Повара суетились, склонившись над дымящимися котелками, нагревательными плитками и набитыми мешками из джутовой ткани. Ароматными испарениями жирного мясного бульона с приправами из кориандра под названием «фо» и клейкого риса — его варили в кастрюлях — был пропитан весь воздух. А немного подальше благоухание лепешек соревновалось с ароматом жареного тофу.

Еще помню, как мы наслаждались вкусом говядины, поджаренной с острым перцем и лимонной мятой, как покупали бадьян и тигровый бальзам и много еще чего-то…

Прогуливаться туда-сюда было трудно — проходы становились такими узкими, что приходилось пробираться гуськом. Навстречу то и дело попадались разносчики товаров в остроконечных шапочках, с покачивавшимся на плечах коромыслом — на оба его конца подвешивались доверху нагруженные мешки.

Вдруг Мадлен бросилась прямо к прилавку торговца тканями.

Изумленная, очарованная, она дотронулась до роскошных разноцветных тканей и стала приподнимать их и смотреть, пока не увидела ту самую, что так хорошо вам знакома.

Ах, память, память… С возрастом она все важнее.

Сами увидите!

Одна лишь мысль, что все то, что в ней откладывается, однажды будет безвозвратно забыто, огорчает меня — особенно теперь, когда мы знаем, что наша душа в своем долгом путешествии не прекращает существовать, в отличие от телесной оболочки.

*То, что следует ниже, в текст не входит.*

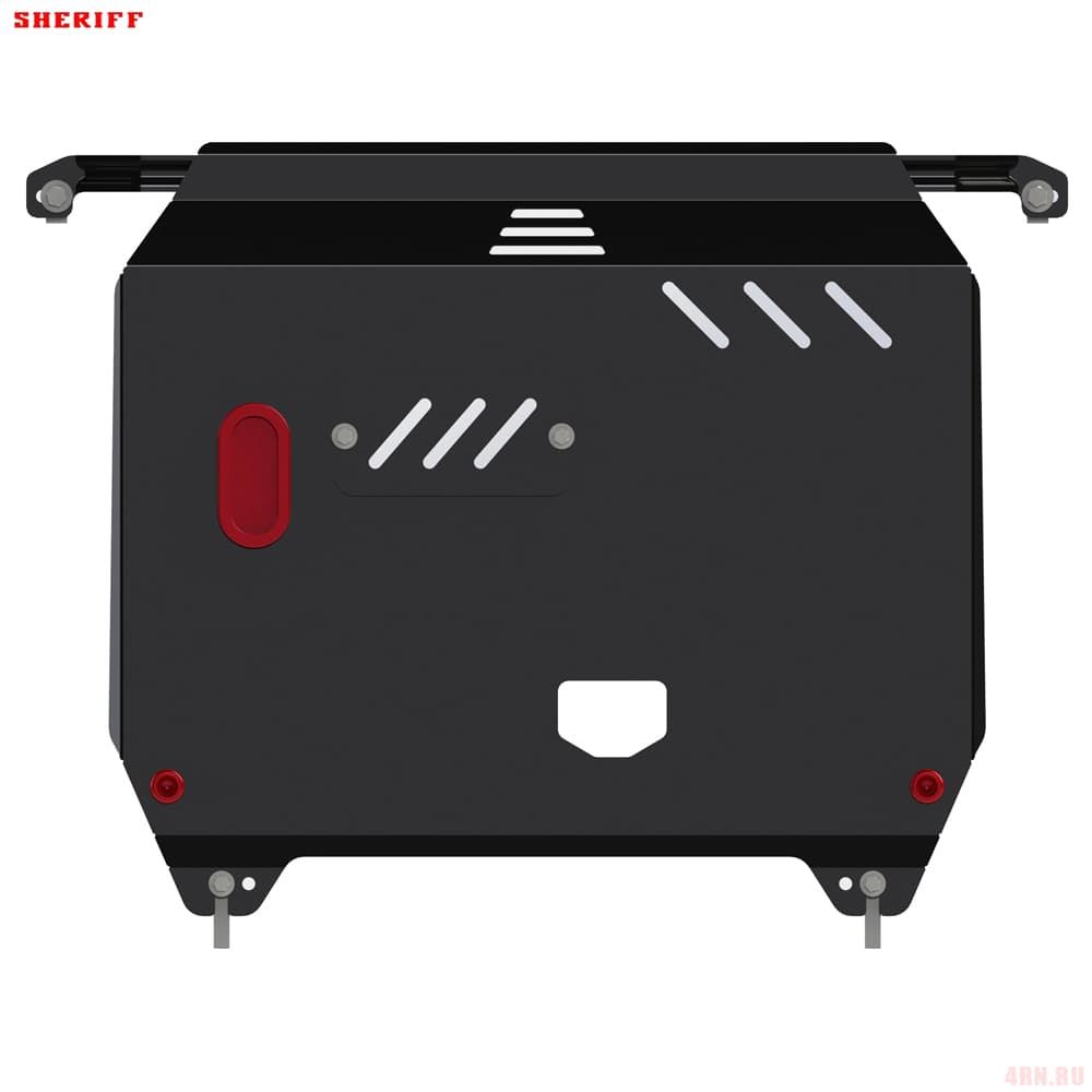 Защита картера Sheriff нужна для сохранности узлов и агрегатов, находящихся на днище авто. Она надежно защитит двигательный отсек вашей машины от повреждений. Также она защищает моторный отсек от влаги, грязи, и предусматривает наличие металлических крыльев, которые выполняют функцию пыльника.

Могли бы и вы — простите, точнее, могли бы и мы — сделать как мы, чтобы сохранить свидетельство обо всех этих мгновениях, пережитых вместе, об этих минутах, столь безнадежно эфемерных.

Наверняка вы поймете, почему вам так нравится запах розы или сирени, исходящий от маленьких кусочков мыла, сладость абрикосов, созревших в свою пору, кисло-сладкие привкусы Китая и его неподражаемые драконы… и — от противного — вы поймете, что заставляет вас ненавидеть запахи стоящего на плите рагу или едкость конфет из перечной мяты, как это понимаю я…

Смею надеяться, что некоторые следы пережитого нами, эти крошечные ничто, сопровождавшие нашу обыденную жизнь, переживут нас и не исчезнут в излучинах Вселенной.

А теперь, если позволите, скажу и я: живите в неспешности. Противьтесь как только можете тому исступленному водовороту, в какой швыряет вас жизнь.

Уверяю вас, в этом нет ничего невозможного.

Сосредоточьтесь на самой сути бытия и попытайтесь обрести безмятежность вместе с той великой мудростью, какой достигают, глядя, как медленно-медленно плывет по течению ряска, убаюканная прозрачными водами реки Ли.

— Позаботьтесь о нашей дорогой Лянь, ведь она сейчас уже очень стара — в эти годы, которые и ваши, и наши одновременно.

А лучше и превыше всего — будьте, будем же счастливы!


Нью-Йорк

8 декабря 2068 года

Таль

Из офиса нотариуса она выходит вся в слезах, громоздкая посылка едва помещается под мышкой, в одном кармане старая флешка, в другом — старые часы.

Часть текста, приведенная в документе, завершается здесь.